**Your objective:**
What follows is a set of records. Repeat them word for word.

==== Material for this task ====

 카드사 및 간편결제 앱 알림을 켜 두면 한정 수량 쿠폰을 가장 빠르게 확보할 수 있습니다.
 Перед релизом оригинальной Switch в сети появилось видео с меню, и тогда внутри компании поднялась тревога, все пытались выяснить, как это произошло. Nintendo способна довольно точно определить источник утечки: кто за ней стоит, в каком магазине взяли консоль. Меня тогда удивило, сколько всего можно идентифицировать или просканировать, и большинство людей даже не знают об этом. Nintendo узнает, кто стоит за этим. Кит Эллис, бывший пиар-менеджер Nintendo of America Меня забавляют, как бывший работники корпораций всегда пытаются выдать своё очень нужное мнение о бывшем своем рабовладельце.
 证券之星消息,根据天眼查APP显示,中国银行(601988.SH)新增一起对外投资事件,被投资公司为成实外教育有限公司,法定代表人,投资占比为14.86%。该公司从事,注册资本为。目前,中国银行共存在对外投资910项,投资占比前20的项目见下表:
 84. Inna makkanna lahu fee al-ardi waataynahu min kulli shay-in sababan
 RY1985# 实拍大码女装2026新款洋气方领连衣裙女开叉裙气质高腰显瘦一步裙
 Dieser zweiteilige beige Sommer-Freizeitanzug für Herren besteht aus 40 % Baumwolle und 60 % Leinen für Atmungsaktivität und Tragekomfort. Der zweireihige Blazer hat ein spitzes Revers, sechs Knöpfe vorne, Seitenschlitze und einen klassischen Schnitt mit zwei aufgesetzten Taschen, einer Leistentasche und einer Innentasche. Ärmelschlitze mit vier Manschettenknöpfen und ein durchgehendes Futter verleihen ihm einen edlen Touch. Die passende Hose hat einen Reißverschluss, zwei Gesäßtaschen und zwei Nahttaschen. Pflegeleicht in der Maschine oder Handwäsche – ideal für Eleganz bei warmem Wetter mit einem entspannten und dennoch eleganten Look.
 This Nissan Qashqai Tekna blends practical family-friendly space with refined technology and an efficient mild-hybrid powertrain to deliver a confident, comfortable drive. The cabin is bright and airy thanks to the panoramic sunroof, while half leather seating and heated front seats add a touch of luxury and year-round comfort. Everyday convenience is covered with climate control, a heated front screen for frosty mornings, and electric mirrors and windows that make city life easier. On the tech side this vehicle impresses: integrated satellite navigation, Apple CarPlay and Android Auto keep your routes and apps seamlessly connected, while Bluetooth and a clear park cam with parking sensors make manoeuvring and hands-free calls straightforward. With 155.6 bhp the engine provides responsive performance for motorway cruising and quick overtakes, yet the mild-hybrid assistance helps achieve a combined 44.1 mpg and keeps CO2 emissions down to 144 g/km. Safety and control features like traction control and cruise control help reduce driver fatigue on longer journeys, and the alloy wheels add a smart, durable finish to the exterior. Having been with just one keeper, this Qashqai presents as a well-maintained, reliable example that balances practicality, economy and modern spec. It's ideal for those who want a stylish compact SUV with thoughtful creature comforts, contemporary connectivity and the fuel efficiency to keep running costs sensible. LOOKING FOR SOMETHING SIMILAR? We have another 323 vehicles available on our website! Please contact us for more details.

====

**Result below:**
 카드사 및 간편결제 앱 알림을 켜 두면 한정 수량 쿠폰을 가장 빠르게 확보할 수 있습니다.
 Перед релизом оригинальной Switch в сети появилось видео с меню, и тогда внутри компании поднялась тревога, все пытались выяснить, как это произошло. Nintendo способна довольно точно определить источник утечки: кто за ней стоит, в каком магазине взяли консоль. Меня тогда удивило, сколько всего можно идентифицировать или просканировать, и большинство людей даже не знают об этом. Nintendo узнает, кто стоит за этим. Кит Эллис, бывший пиар-менеджер Nintendo of America Меня забавляют, как бывший работники корпораций всегда пытаются выдать своё очень нужное мнение о бывшем своем рабовладельце.
 证券之星消息,根据天眼查APP显示,中国银行(601988.SH)新增一起对外投资事件,被投资公司为成实外教育有限公司,法定代表人,投资占比为14.86%。该公司从事,注册资本为。目前,中国银行共存在对外投资910项,投资占比前20的项目见下表:
 84. Inna makkanna lahu fee al-ardi waataynahu min kulli shay-in sababan
 RY1985# 实拍大码女装2026新款洋气方领连衣裙女开叉裙气质高腰显瘦一步裙
 Dieser zweiteilige beige Sommer-Freizeitanzug für Herren besteht aus 40 % Baumwolle und 60 % Leinen für Atmungsaktivität und Tragekomfort. Der zweireihige Blazer hat ein spitzes Revers, sechs Knöpfe vorne, Seitenschlitze und einen klassischen Schnitt mit zwei aufgesetzten Taschen, einer Leistentasche und einer Innentasche. Ärmelschlitze mit vier Manschettenknöpfen und ein durchgehendes Futter verleihen ihm einen edlen Touch. Die passende Hose hat einen Reißverschluss, zwei Gesäßtaschen und zwei Nahttaschen. Pflegeleicht in der Maschine oder Handwäsche – ideal für Eleganz bei warmem Wetter mit einem entspannten und dennoch eleganten Look.
 This Nissan Qashqai Tekna blends practical family-friendly space with refined technology and an efficient mild-hybrid powertrain to deliver a confident, comfortable drive. The cabin is bright and airy thanks to the panoramic sunroof, while half leather seating and heated front seats add a touch of luxury and year-round comfort. Everyday convenience is covered with climate control, a heated front screen for frosty mornings, and electric mirrors and windows that make city life easier. On the tech side this vehicle impresses: integrated satellite navigation, Apple CarPlay and Android Auto keep your routes and apps seamlessly connected, while Bluetooth and a clear park cam with parking sensors make manoeuvring and hands-free calls straightforward. With 155.6 bhp the engine provides responsive performance for motorway cruising and quick overtakes, yet the mild-hybrid assistance helps achieve a combined 44.1 mpg and keeps CO2 emissions down to 144 g/km. Safety and control features like traction control and cruise control help reduce driver fatigue on longer journeys, and the alloy wheels add a smart, durable finish to the exterior. Having been with just one keeper, this Qashqai presents as a well-maintained, reliable example that balances practicality, economy and modern spec. It's ideal for those who want a stylish compact SUV with thoughtful creature comforts, contemporary connectivity and the fuel efficiency to keep running costs sensible. LOOKING FOR SOMETHING SIMILAR? We have another 323 vehicles available on our website! Please contact us for more details.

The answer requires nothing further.